With my hand on Murphy's back, we followed the newest members of the flock around the paddock. Mab contentedly grazed, ewe-lamb by her side while Murphy followed the ram-lamb, as he wandered though the flock and occasionally sprinted away from the shock of the electric fence.

I stepped back when Murphy settled: ears turning at every sound. not pinned back; eyes following the lambs, not wide and wild; nostrils sniffing in the lambs' direction, not wide open and snorting; and hide smooth, not twitching. Murphy walked up to the ever calm Mab, sniffed her and the ewe-lamb and then followed the wandering ram-lamb into the middle of the flock. Now that the ram-lamb was not an intruder, Murphy nudged the lamb towards its ewe, and kept the flock away from the trio as they got accustomed to grazing together. 
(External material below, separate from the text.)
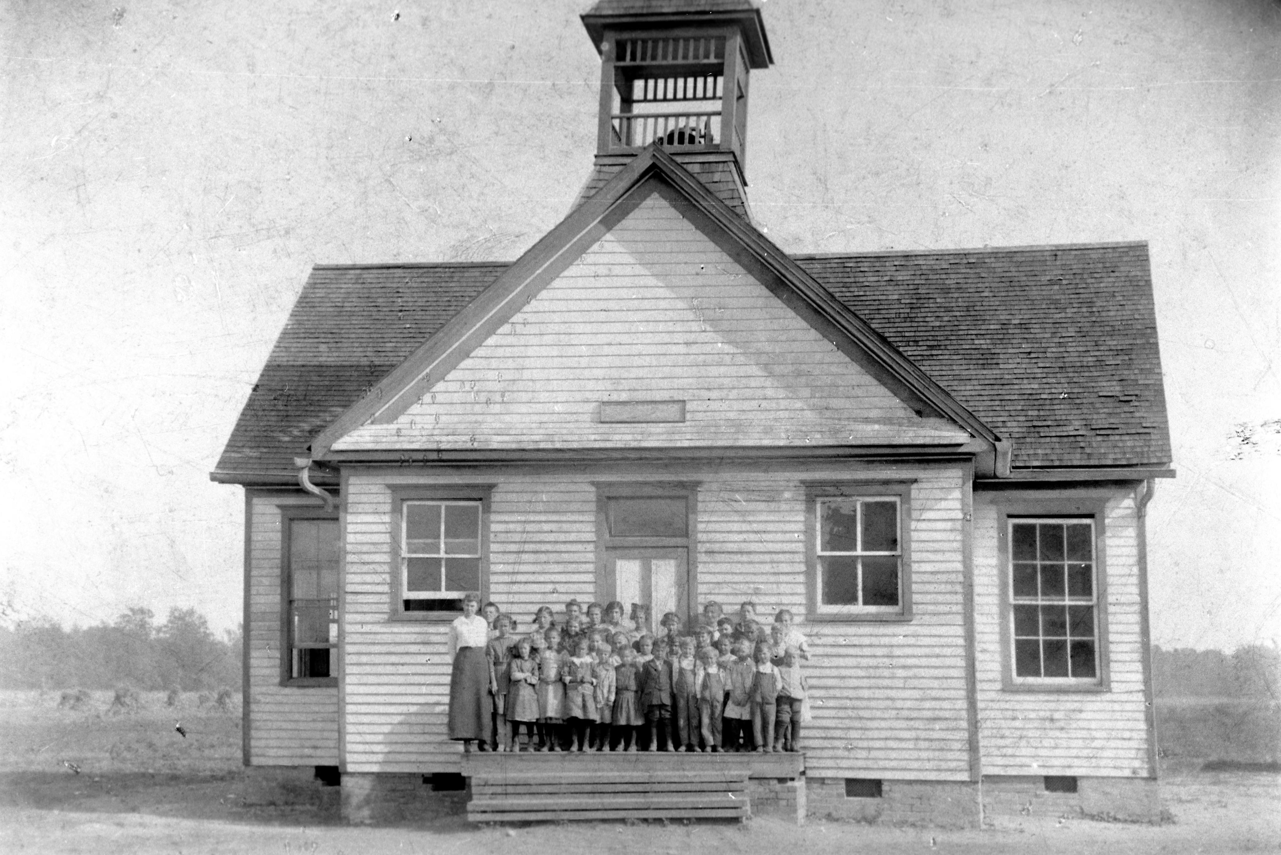 Teacher and students at Spencer School in Point Township, built in 1887

Until dark, I saw Murphy circling the trio, repeatedly nosing that meandering ram-lamb back to Mab's side. The next day the flock was a seamless unit and Murphy's new adversaries were a few stray Guineas that appeared in our fields.
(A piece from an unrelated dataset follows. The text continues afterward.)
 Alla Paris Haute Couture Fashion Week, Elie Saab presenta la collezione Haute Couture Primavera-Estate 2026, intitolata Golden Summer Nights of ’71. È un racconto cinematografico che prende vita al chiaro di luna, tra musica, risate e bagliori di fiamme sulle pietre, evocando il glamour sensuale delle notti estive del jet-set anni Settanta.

Time for Murphy to move in with the rams


As lambing season approaches, I make changes in  the pasture/barn set up to keep the ever widening ewes safe and comfortable. 

Murphy's protection is important, especially when the flock is moves across our fields during the grazing season. Murphy moves his flock around with a stomp or head swing in response to perceived and real threats. Now that the ewes are a little slower, I want to limit rushing around the round bale feeder and narrow spaces in the barnyard.

After some "how-do-you-do" head butting, the rams and Murphy have settled down.





January 11th, A Beautiful Barnyard Morning

The following post is not an effort to call out Murphy, not our donkey, and his fatalistic "Law" but to note my appreciation for a morning spent doing barnyard chores.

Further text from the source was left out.